=== The task ===
Copy exactly the lines from the beginning of the data down to and including the line holding "Skin uroczego Kawaii", without any pictures.

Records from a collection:
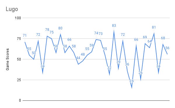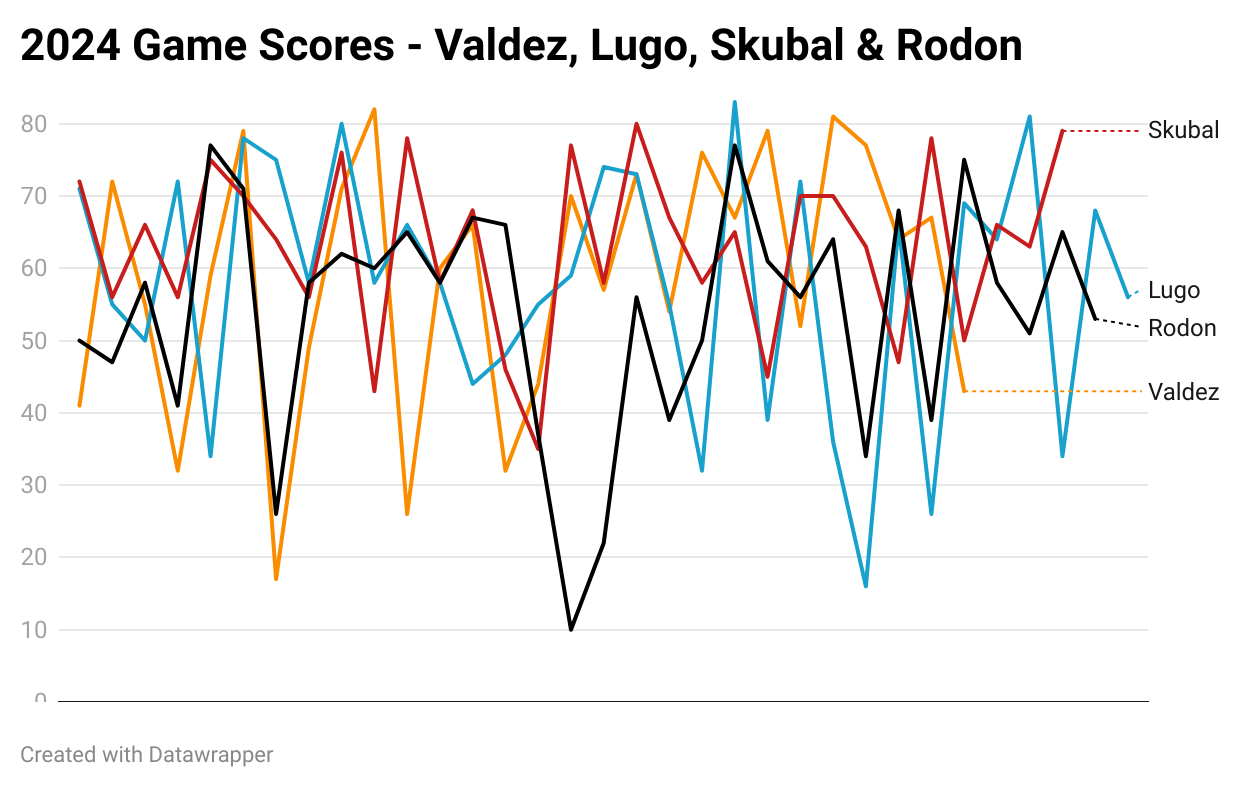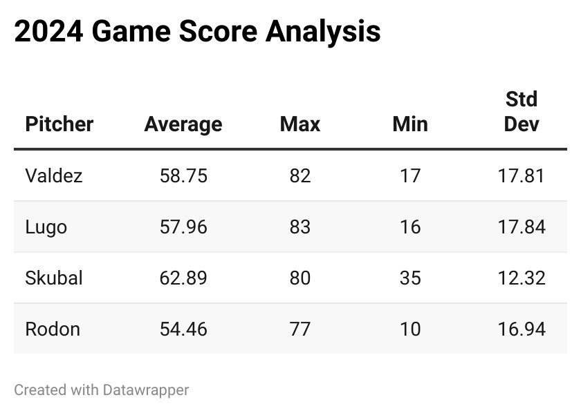 This led me to chart every Game Score for some American League pitchers with the most wins in 2024: Framber, Seth Lugo, Tarik Skubal and Carlos Rodon.
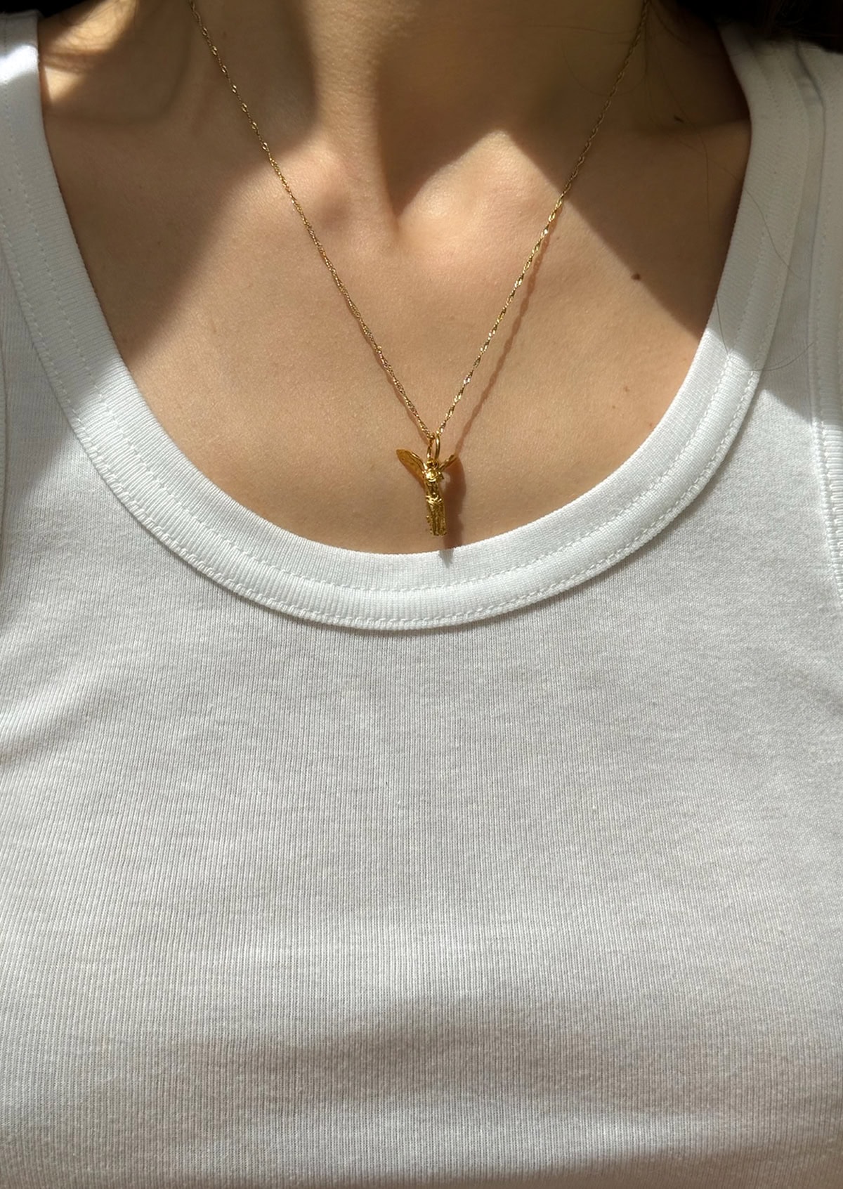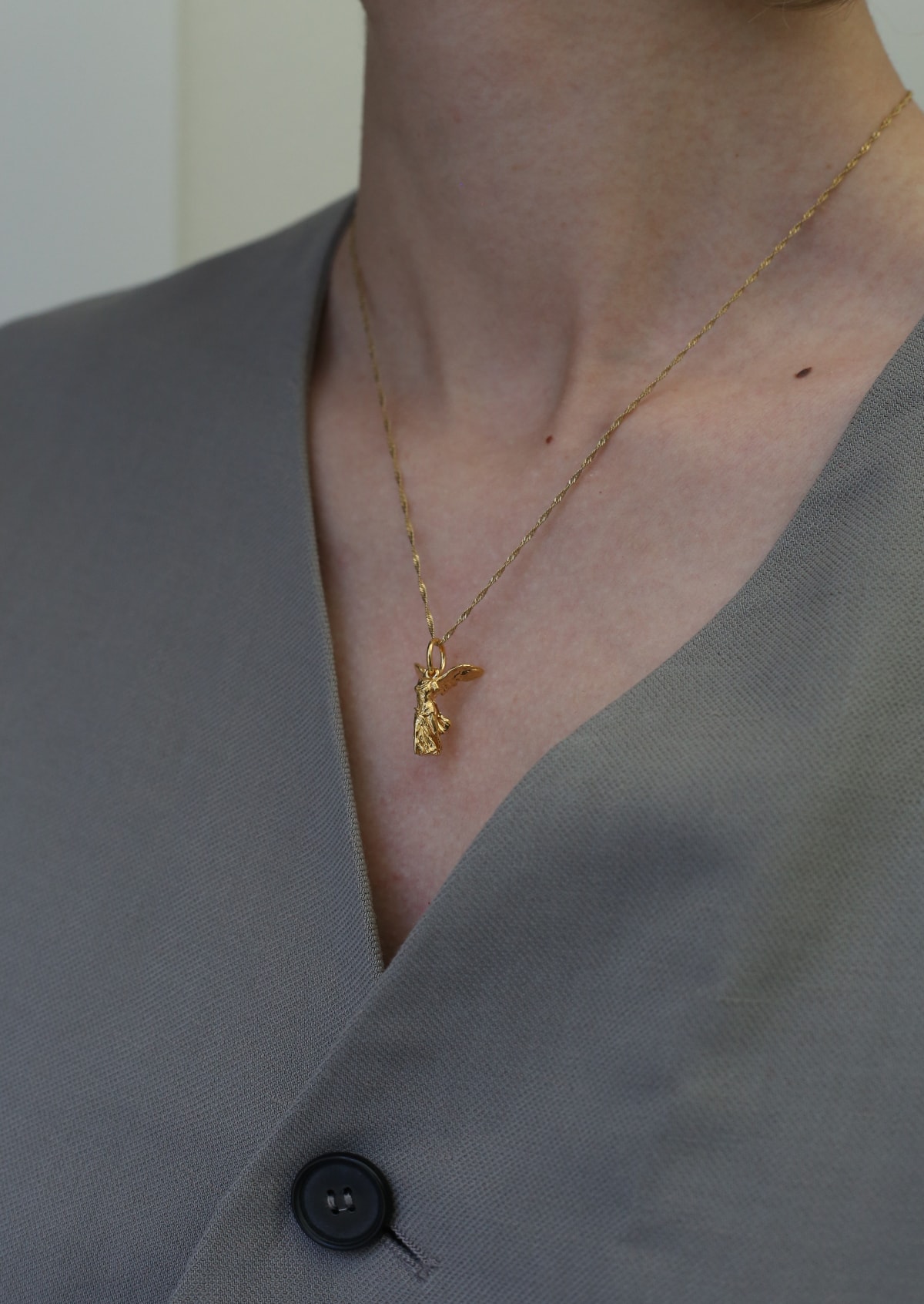 An angel-like figure of the Greek goddess of Victory, Nike, paired with a twisted chain necklace. Subtle yet elegant, the chain allows the charm to shine. The perfect layering piece.
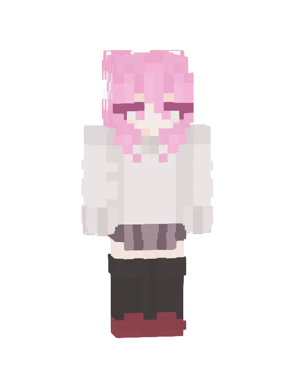 Skin uroczego Kawaii w Minecraft, z różowymi włosami i czerwoną bluzą, idealny dla miłośników stylu słodkiego i kolorowego. Wyróżnij się w grze!
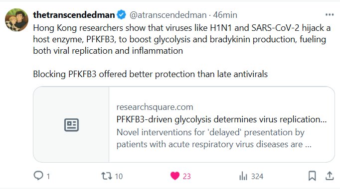 Investigadores de Hong Kong demuestran que virus como el H1N1 y el SARS-CoV-2 secuestran una enzima huésped, la PFKFB3, para impulsar la glucólisis y la producción de bradicinina, lo que fomenta tanto la replicación viral como la inflamación. El bloqueo de la PFKFB3 ofreció una mayor protección que los antivirales tardíos.
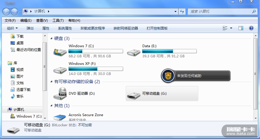 2、先不重启(重启也是瞎菜)。先看看安全软件的U盘防护咋说。结果....结果....金山卫士这个算忽悠吗?
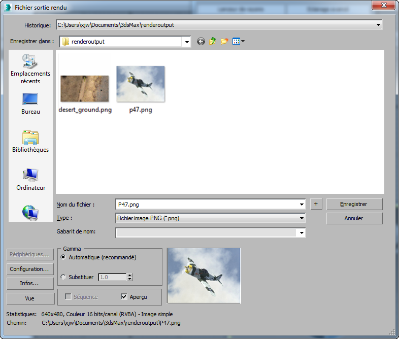 - Choisissez le type de fichier de rendu dans la liste déroulante Enregistrer sous, puis cliquez sur Enregistrer.
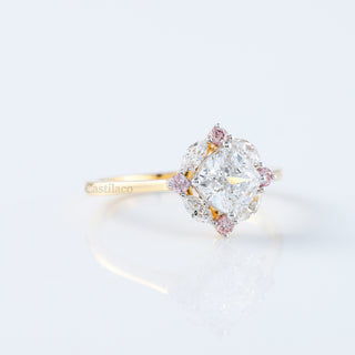 Cushion Cut Halo Pink Round and Marquise Moissanite Diamond Engagement Ring
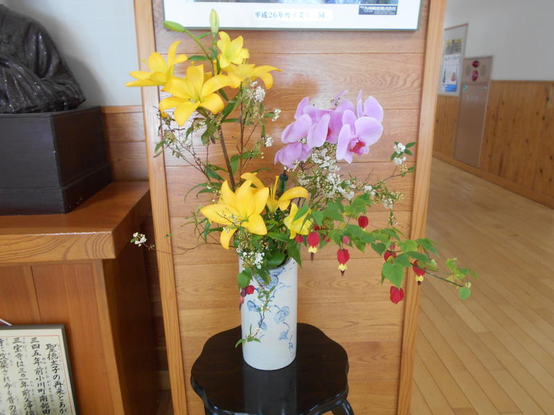 学校の玄関には、いつもきれいな花が素敵な花瓶に生けてあります。てっきり、「卒業式に使った花がよく咲いたままでいるな」と思い込んでいたら、なんと地域の方が定期的に生け変えていただいているとのこと。聞くところによると、自宅に咲いている花を活用して、毎週月曜日に来校されているようでした。殺風景な玄関が、華やかに、また心和む雰囲気に変わります。
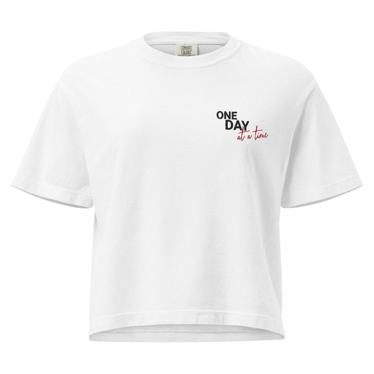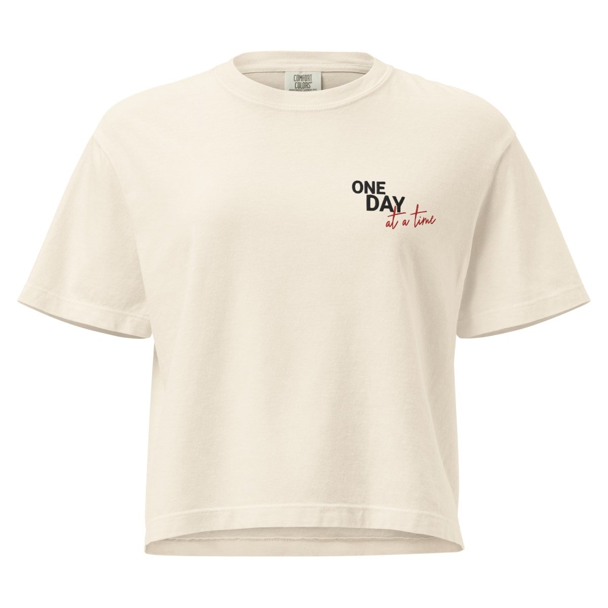 One Day at a Time Embroidered Women's Heavyweight Boxy Tee - Recovery Streetwear

=== Answer to the exercise ===
 This led me to chart every Game Score for some American League pitchers with the most wins in 2024: Framber, Seth Lugo, Tarik Skubal and Carlos Rodon.
 An angel-like figure of the Greek goddess of Victory, Nike, paired with a twisted chain necklace. Subtle yet elegant, the chain allows the charm to shine. The perfect layering piece.
 Skin uroczego Kawaii w Minecraft, z różowymi włosami i czerwoną bluzą, idealny dla miłośników stylu słodkiego i kolorowego. Wyróżnij się w grze!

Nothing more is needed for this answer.